Understanding Genomics – The importance of knowing your SNPs
Genomics includes the scientific study of genetics SNPs and the complex diseases such as heart disease, autoimmune disease, asthma, diabetes, and cancer because these diseases are typically caused more by a combination of genetic and environmental factors than by individual genes. Single Nucleotide Polymorphisms (SNPs) are common genetic variations that explain many of the differences among individuals. Knowing which SNPs you carry enables your practitioner to more effectively support you and your individual health needs. While over 10 million SNPs are known, only a few have clinical significance so working with a practitioner who can help support you and your most important/relevant SNPs to your case is essential. SNPs help predict an individual’s response to certain drugs, susceptibility to environmental factors such as toxins, and risk of developing diseases. SNPs can also be used to track the inheritance of disease-associated genetic variants within families. Understanding the potential contribution of your genomic data to your phenotypic expression can be of profound importance to the management of your health and symptoms. Nutrigenomics is a branch of science that uses cutting-edge genomics technology to study the link between our genes, nutrition, and health.
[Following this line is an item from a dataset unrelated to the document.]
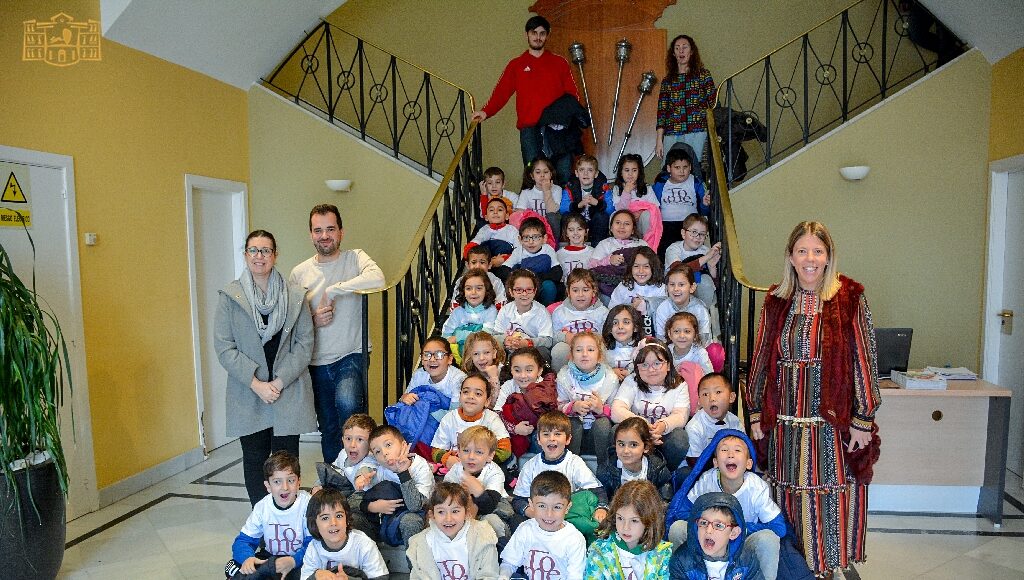 La alcaldesa de Tomelloso, Inmaculada Jiménez y el concejal de Cultura, Raúl Zatón, han recibido hoy en el ayuntamiento a un grupo de escolares de primero y segundo de primaria del colegio Doña Crisanta que, acompañados por sus profesores y por la propia alcaldesa, han visitado las instalaciones del Consistorio.

This information allows us to develop personalized strategies for optimal health.
The presence of a particular single nucleotide polymorphism (SNP) can:
- Help your practitioner predict which of the nutritional supports they put in place might be needed in higher doses, or might need to be there for the long term. Seeing this information also helps your capacity to participate, by helping you connect the dots. A lot of times you may be taking supplements and not feeling the effects. If this is the case, you may not be taking ahigh enough dosage for your particular deficiencies/genetics.
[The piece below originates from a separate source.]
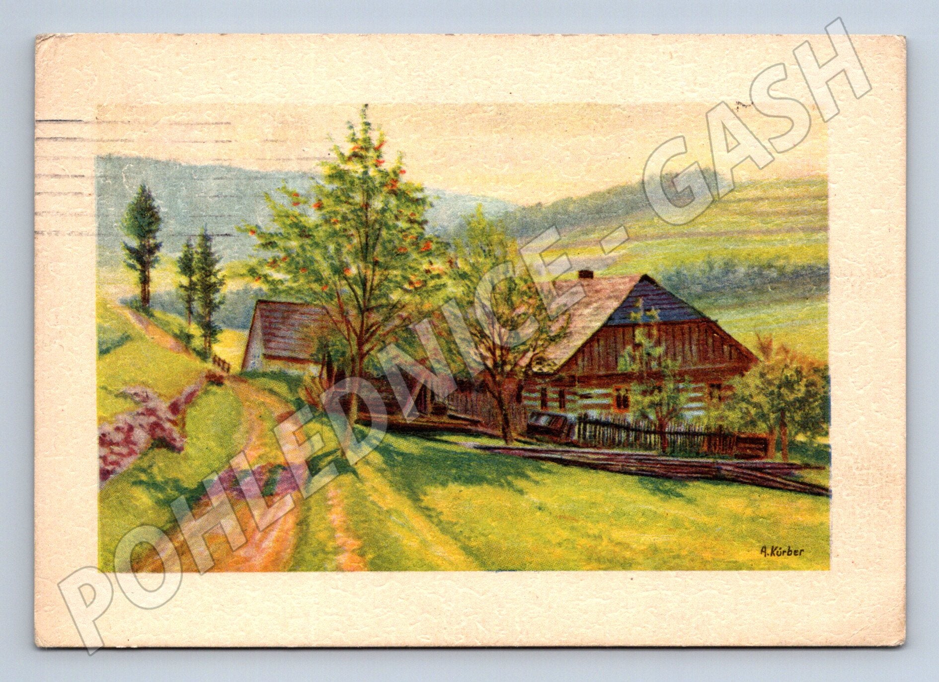 Originální malovaný motiv české chalupy na venkově v krásné letní krajině. Pohlednice byla odeslána v roce 1966, na zadní straně razítko a známka Československo 30 h (hrad Pernštejn). Na rubu je ručně psaný vzkaz a adresa. Pohlednice je ve velmi dobrém stavu, pouze drobné známky stáří a oběhu. Rozměr zhruba odpovídá klasickému malému formátu. Ideální přírůstek do sbírky historických českých pohlednic s venkovskými motivy.

- Help guide your lab testing, to evaluate the extent to which a particular SNP is or is not expressed phenotypically.
- Provide your practitioner with a list of lab targets to retest, which might be needed at a time when you are undergoing severe stress or have another significant change in biology, to evaluate whether there are changes in gene expression that result from changes in your biochemistry.
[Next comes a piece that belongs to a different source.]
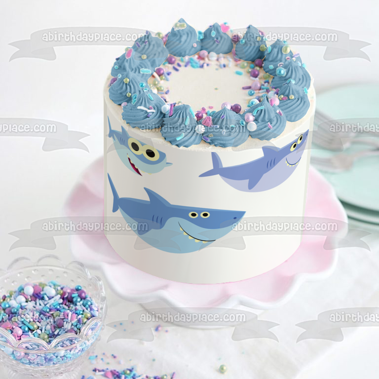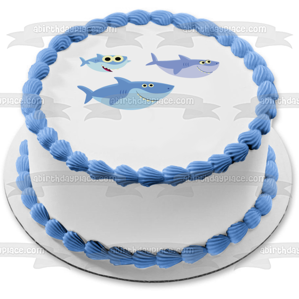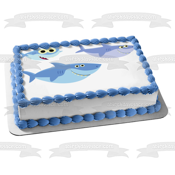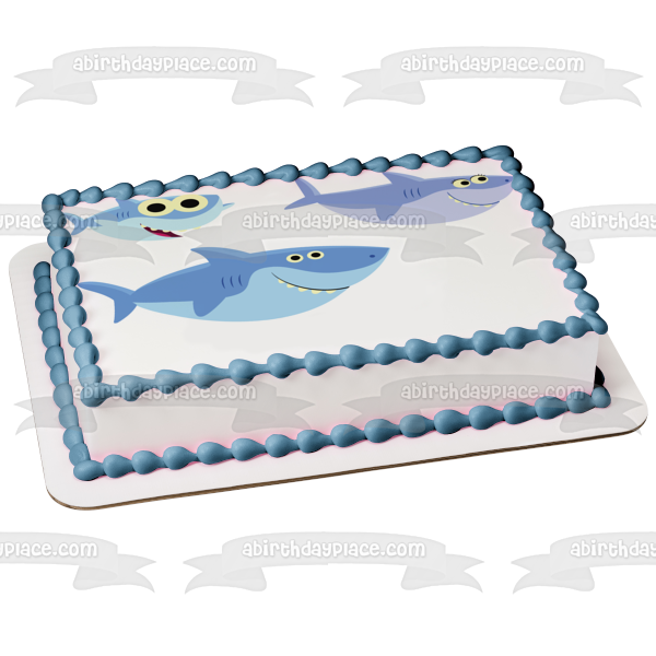 ¡Celebra tu día especial con esta imagen de adorno comestible para pastel con temática de dibujos animados de la familia de tiburones que presenta a mamá, papá y tiburón bebé!

- Help your practitioner and you (the patient/client) understand your risk profile in a way that can help guide the focus of dietary, nutritional, lifestyle, and surveillance choices within the overall management of your case.
I always encourage everyone to get genetic testing done and a few of the points I share with my clients when discussing the importance of getting genomic data are:
- From a therapeutic point of view, the goals of intervention are 1) to support poorly functioning biological processes identified in the genomic information and (when possible) corresponding lab work, and 2) to change the clients biology in a way that impacts gene expression. I tell my clients, “Your genes are like a piano keyboard. You might have a couple of keys that are out of tune. That’s ok. Your body chemistry is like the song you play on the piano. We want to choose a song that doesn’t play those keys. Change your chemistry, change your gene expression.”
- There’s no other way to get this information then to do genetic testing, and it’s a crucial layer of insight that helps your practitioner understand your case better.
- The raw data from these reports errs on the side of including everything that can be reported. You end up with a very long list of data, but the genes are not all equally well researched. So, working with a practitioner that uses the filtering mechanism of the Pure Genomics report can help to target the most important SNPs. The PG report only reports out the genes that have robust research to support what biological processes the genes are actually associated with. You don’t want to pivot your care based on a gene that has one rat study to support what that gene is purported to do. You’d rather only use the data about genes that are well studied. Most reports don’t do this narrowing down for you. Pure Genomics Nutrigenomics reporting is fantastic for this. PureGenomics® (the software I use with my clients) identifies SNPs that are relevant to health, well-researched, and responsive to nutritional support. By providing concise reports with supplement recommendations, PureGenomics® allows your practitioner to provide specialized nutritional support based on your genetic makeup. PureGenomics™ harnesses the science of nutrigenomics to empower individuals to uncover the relationship between their genes, nutrition, and wellness.
- I always tell my clients, “Just because you have the gene for something, doesn’t mean you have the something.” It’s common, for example, to see a person with a gene defect related to beta carotene monooxygenase 1 (BCMO1) an enzyme involved in conversion of beta carotene to vitamin A. If you see this SNP and have your vitamin A levels tested and see that they are in the top range, then you are not vitamin A deficient. So essentially you have a gene defect that would suggest the POSSABILITY of vitamin A deficiency however no vitamin A deficiency was detected. So again, just because you have the SNP doesn’t mean you will have the imbalance that comes from it. Labwork/blood tests can confirm.
Once your practitioner has your genomic data, when it’s possible, they may want to follow up the genomic findings with lab testing to confirm what is out of balance. When it’s not possible to do so, we integrate the genomic information into the overall picture of the case. When possible, if we choose to support a particular biological function in part because of genomic evidence suggesting the need for support, we plan for follow up observations to assess whether or not that clinical intervention led to an improvement that would support the view that the SNP involved needed support.